Preuves des applications de la stérubine
Neuroprotection chez les neurones vieillissants (découverte marquante): Bhatt et al. (2019, Aging Cell) ont démontré que la stérubine à 0,1–1 μM protège les neurones corticaux de rat vieillissants contre l'oxytose/ferroptose — deux voies de mort cellulaire impliquées dans la maladie d'Alzheimer et la neurodégénérescence liée à l'âge — avec une puissance supérieure à celle de l'ériodictyol, de la quercétine, du resvératrol et d'autres composés de référence dans le même essai sur les neurones vieillissants. De manière cruciale, le modèle de neurones vieillissants a révélé la supériorité de la stérubine sur l'ériodictyol spécifiquement dans ce contexte cellulaire pertinent pour l'âge; chez les jeunes neurones, l'ériodictyol et la stérubine ont montré des performances similaires. Cela suggère que la neuroprotection de la stérubine est particulièrement pertinente pour l'environnement pathologique des neurones vieillissants. Niveau de preuve: Modéré (préclinique solide; pas encore de données cliniques).
Inhibition de la ferroptose: L'activité neuroprotectrice de la stérubine dans le criblage de Salk s'est principalement exercée par l'inhibition de la ferroptose — une forme de mort cellulaire régulée entraînée par la peroxydation lipidique dépendante du fer, récemment reconnue comme un mécanisme majeur dans la maladie d'Alzheimer, la maladie de Parkinson et la SLA. Le cycle B contenant le catéchol de la stérubine (3′,4′-dihydroxy) confère une capacité de chélation du fer supprimant la génération de radicaux hydroxyles de type Fenton, tandis que le 7-méthyl éther améliore la pénétration membranaire pour un apport intracellulaire au site de la ferroptose.
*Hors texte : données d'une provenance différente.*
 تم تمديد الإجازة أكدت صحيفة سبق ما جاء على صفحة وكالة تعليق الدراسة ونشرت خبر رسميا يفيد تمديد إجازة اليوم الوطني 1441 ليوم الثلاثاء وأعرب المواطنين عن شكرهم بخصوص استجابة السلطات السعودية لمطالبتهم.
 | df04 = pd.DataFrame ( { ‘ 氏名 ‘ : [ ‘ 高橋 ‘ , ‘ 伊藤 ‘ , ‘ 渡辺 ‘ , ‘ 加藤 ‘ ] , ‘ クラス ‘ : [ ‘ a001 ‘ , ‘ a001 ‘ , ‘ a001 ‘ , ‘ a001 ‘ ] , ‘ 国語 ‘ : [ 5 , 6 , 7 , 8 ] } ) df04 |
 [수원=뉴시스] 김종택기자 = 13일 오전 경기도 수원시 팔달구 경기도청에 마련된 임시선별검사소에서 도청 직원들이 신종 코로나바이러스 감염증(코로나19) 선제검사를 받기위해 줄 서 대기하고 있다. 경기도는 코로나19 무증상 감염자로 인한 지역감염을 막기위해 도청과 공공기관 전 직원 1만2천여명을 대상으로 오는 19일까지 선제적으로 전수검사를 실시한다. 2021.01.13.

Niveau de preuve: Modéré (mécanistique préclinique).
Antioxydant et induction de Nrf2: La stérubine active la signalisation Nrf2/HO-1 dans les modèles neuronaux et hépatocytaires, augmentant les enzymes antioxydantes endogènes (SOD, GPx, catalase) et la synthèse de GSH — une réponse cytoprotectrice complétant sa chélation directe du fer et l'inhibition de la peroxydation lipidique. Niveau de preuve: Modéré.
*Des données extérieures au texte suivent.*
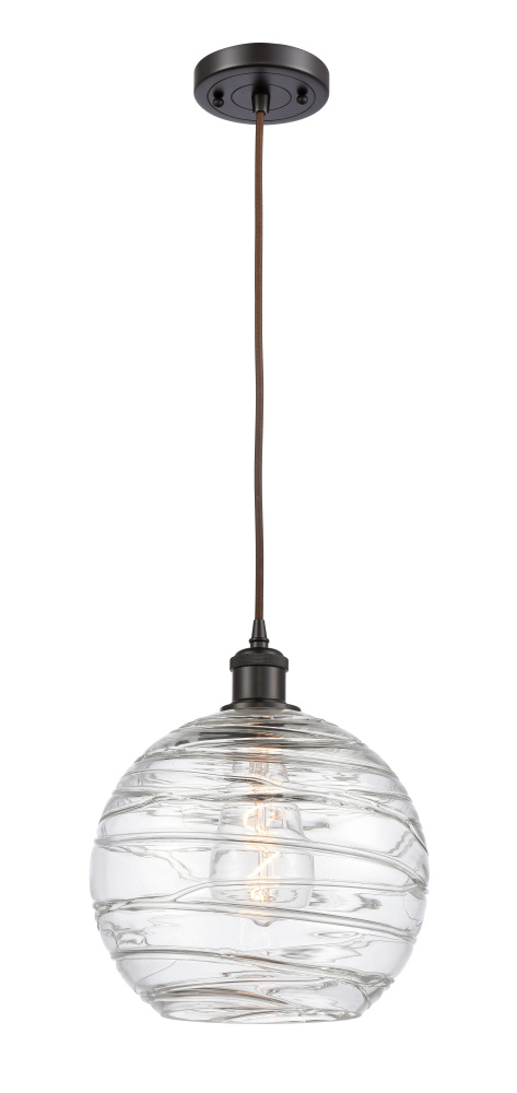 Athens Deco Swirl - 1 Light - 10 inch - Oil Rubbed Bronze - Clear Deco Swirl shade - Cord hung - Mini Pendant

Anti-inflammatoire: L'inhibition de NF-κB et la suppression de l'inflammasome NLRP3 sont documentées pour la stérubine dans les modèles de macrophages, conformément au profil anti-inflammatoire de l'ériodictyol mais avec une puissance améliorée attribuée à une meilleure pénétration membranaire du 7-méthyl éther. Niveau de preuve: Émergent.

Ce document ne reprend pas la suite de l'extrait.